China’s P2P crackdown should worry IPO issuers
China’s peer-to-peer lenders are once again staring into the abyss, following a string of recent scandals and a new crackdown by regulators. As the noose tightens around the sector, IPO-hopefuls like Weidai should tread with caution.
Internet financing has flourished in China over the years, amid lax controls and tight-fisted banks. According to Moody’s, the country’s P2P sector has grown at a rapid clip since 2013, spurred by soaring demand for loans among the unbanked populace, as well as juicy yields offered to investors. Hundreds of online platforms sprang up to feed this market, but the lack of supervision has led to widespread fraud and misappropriation.
After years of mostly unchecked growth, Chinese regulators are now struggling to contain the fallout.
There were reports this week that the authorities, including the Internet Lending Financial Risk Management Working Leadership Group and China Banking and Insurance Regulatory Commission, are cracking down on the industry with a new round of checks on thousands of P2P lenders.
The number of failed P2P platforms rose to 165 in July from 63 the month before, and the outstanding balance of P2P lending fell to Rmb956bn as at end-July from Rmb1.3tr two months ago. This led to the Beijing police quashing a planned public protest by investors who lost money, and the government last week releasing a 10-point plan to address weaknesses in the regulation of online lenders.
Given this backdrop, it would be wise for Chinese P2P issuers planning IPOs, whether in Hong Kong or in the US, to lay low until the scandal blows over.
There is still too much public anger around the sector, and with government enforcement heating up, investors are unlikely to touch it with a 10-foot pole. IPO filings of Chinese technology-oriented issuers are also piling up in Hong Kong and the US, so fund managers will have rich pickings by the time September rolls around.

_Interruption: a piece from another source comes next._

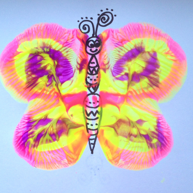 Я сложила лист пополам, на одной стороне красками нарисовали крылья и отпечатали на другую сторону. У нас были краски икея.
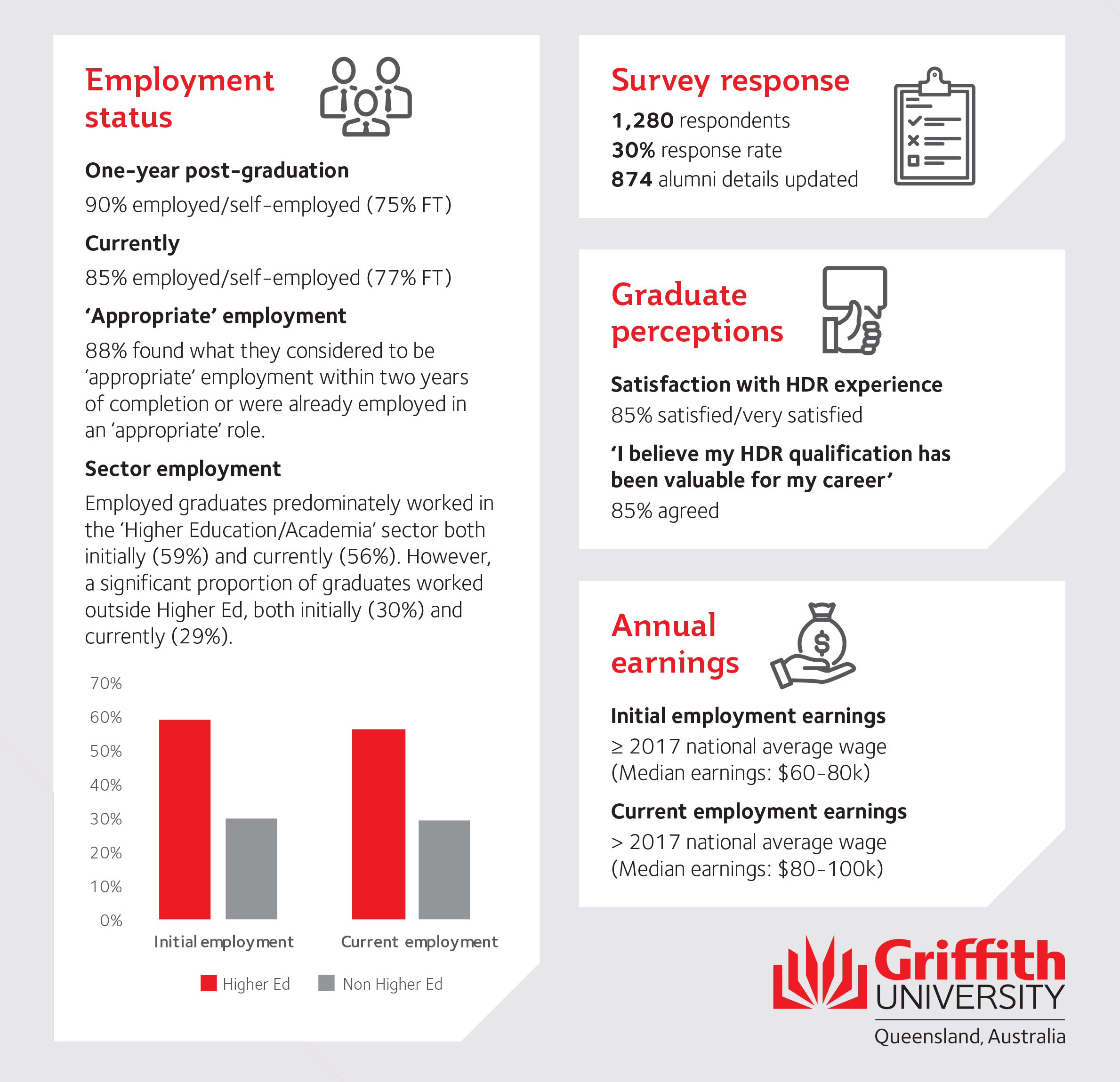 “Undertaking a PhD does not just provide a deep understanding of a particular discipline; it instils the ability to critically analyse complex issues and find new ways of looking at a problem and then to devise and implement solutions. These are essential skills in any workforce. Typically, our graduates reported that the experience of undertaking an HDR was important and professionally useful to them, irrespective of whether they subsequently worked within the field of their PhD discipline.”

Moreover, investors have turned decidedly risk-off on Chinese assets thanks to the trade war jitters. It also does not help that Chinese social media company Tencent Holdings, seen as a bellwether for Hong Kong stocks, got a hammering last week because it reported a surprise profit miss. Underwriters are discussing the very real possibility of lowering valuations for upcoming share sales with issuers, especially those in tech.
Investors have seen this all before. Near the end of last year a handful of IPOs from Chinese online lenders came one after another, despite progressively lower valuations and a poor secondary performance that was also caused by a regulatory clampdown.
Weidai’s planned IPO on the New York Stock Exchange, which has been tagged at $100m, is not expected to start pre-marketing until September.
If it chooses to forge ahead, investors would probably demand a single-digit valuation. The company differs from its rivals in that it offers financing backed by automobiles, as opposed to the unsecured lending that is allowed at most other lenders. But valuations aside, the optics for an IPO from a P2P name at this time could not be worse. Weidai should temper its expectations in line with market sentiment.
Once the summer lull is over, investors will — hopefully — be raring to take a punt on new companies again, especially as lending remains a huge untapped opportunity. Until then, it is going to be a bumpy ride.